Your task is to return exactly the lines that run from the one containing "This wand is" through the end of the listing below, without any pictures.

#### GIVEN MATERIAL:
^^^^

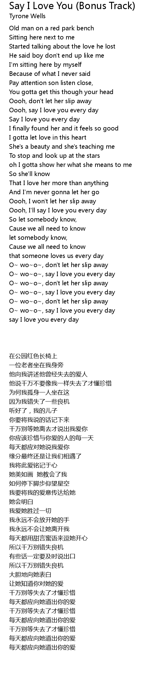 O~ wo~o~, say I love you every day |
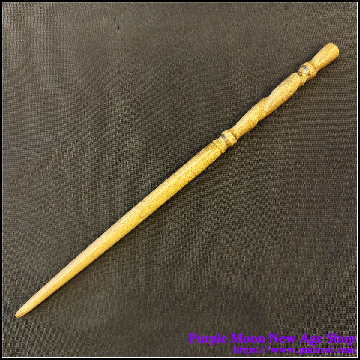 This wand is made from one piece of Birch, making it nice and sturdy for years of spellcasting. The handle has been given a solid dark stain; the tip has had the stain rubbed off, leaving the grain to show through.
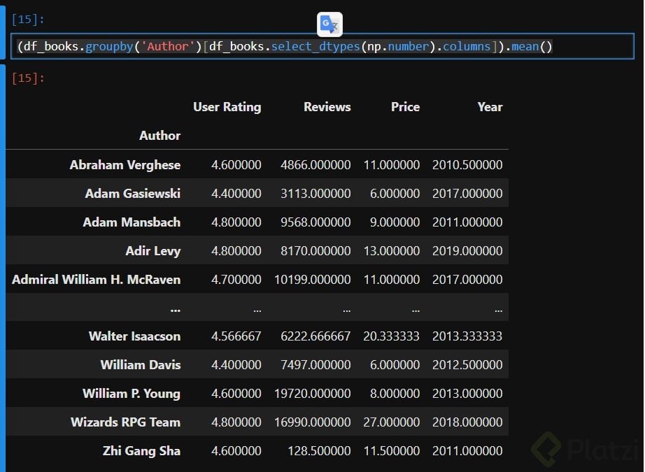La columna Author, en los casos anteriores, pasa a ser el índice.

^^^^

#### EXERCISE RESPONSE:
 This wand is made from one piece of Birch, making it nice and sturdy for years of spellcasting. The handle has been given a solid dark stain; the tip has had the stain rubbed off, leaving the grain to show through.
La columna Author, en los casos anteriores, pasa a ser el índice.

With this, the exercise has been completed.